*** Opening of Data to process ***
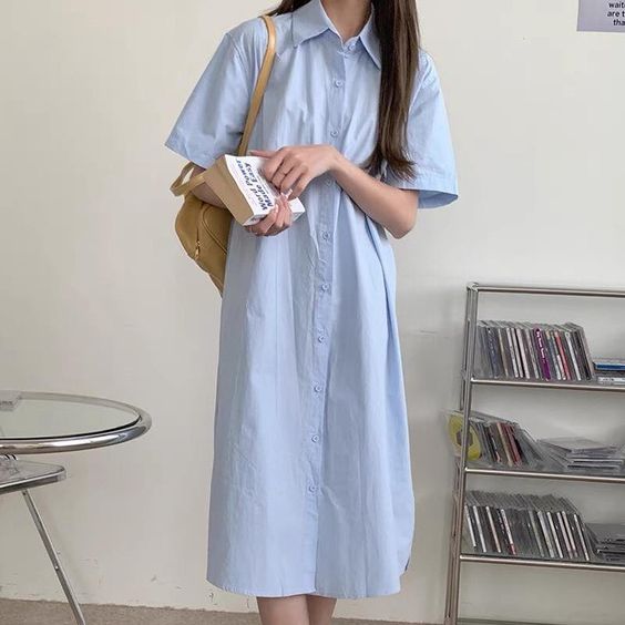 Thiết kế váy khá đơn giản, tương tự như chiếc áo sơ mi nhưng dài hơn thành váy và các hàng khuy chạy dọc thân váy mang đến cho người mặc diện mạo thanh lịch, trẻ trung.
*** Close of Data to process ***
*** Opening of Data to process ***
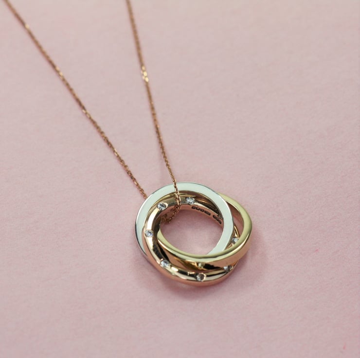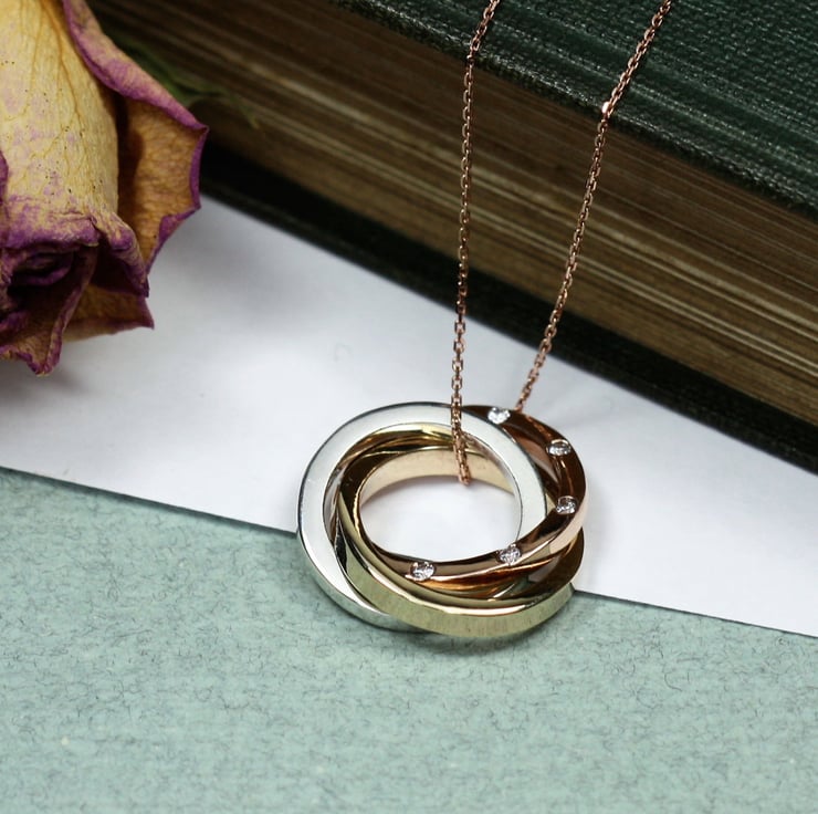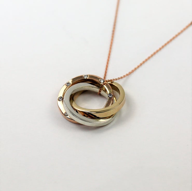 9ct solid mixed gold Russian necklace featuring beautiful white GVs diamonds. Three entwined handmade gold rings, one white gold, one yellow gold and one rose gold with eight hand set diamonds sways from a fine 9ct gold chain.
*** Close of Data to process ***
*** Opening of Data to process ***
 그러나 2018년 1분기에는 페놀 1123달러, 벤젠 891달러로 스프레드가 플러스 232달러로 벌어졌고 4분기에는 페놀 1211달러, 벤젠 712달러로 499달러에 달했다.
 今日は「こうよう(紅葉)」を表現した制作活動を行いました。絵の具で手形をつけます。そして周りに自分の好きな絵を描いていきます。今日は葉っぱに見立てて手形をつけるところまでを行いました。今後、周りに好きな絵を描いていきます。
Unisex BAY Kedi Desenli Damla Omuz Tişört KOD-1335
*** Close of Data to process ***
> _Requirement_
From the records above, transcribe without alteration every line from the one with "그러나 2018년 1분기에는" to the one with "Unisex BAY Kedi", inclusive.

> _Worked solution_
 그러나 2018년 1분기에는 페놀 1123달러, 벤젠 891달러로 스프레드가 플러스 232달러로 벌어졌고 4분기에는 페놀 1211달러, 벤젠 712달러로 499달러에 달했다.
 今日は「こうよう(紅葉)」を表現した制作活動を行いました。絵の具で手形をつけます。そして周りに自分の好きな絵を描いていきます。今日は葉っぱに見立てて手形をつけるところまでを行いました。今後、周りに好きな絵を描いていきます。
Unisex BAY Kedi Desenli Damla Omuz Tişört KOD-1335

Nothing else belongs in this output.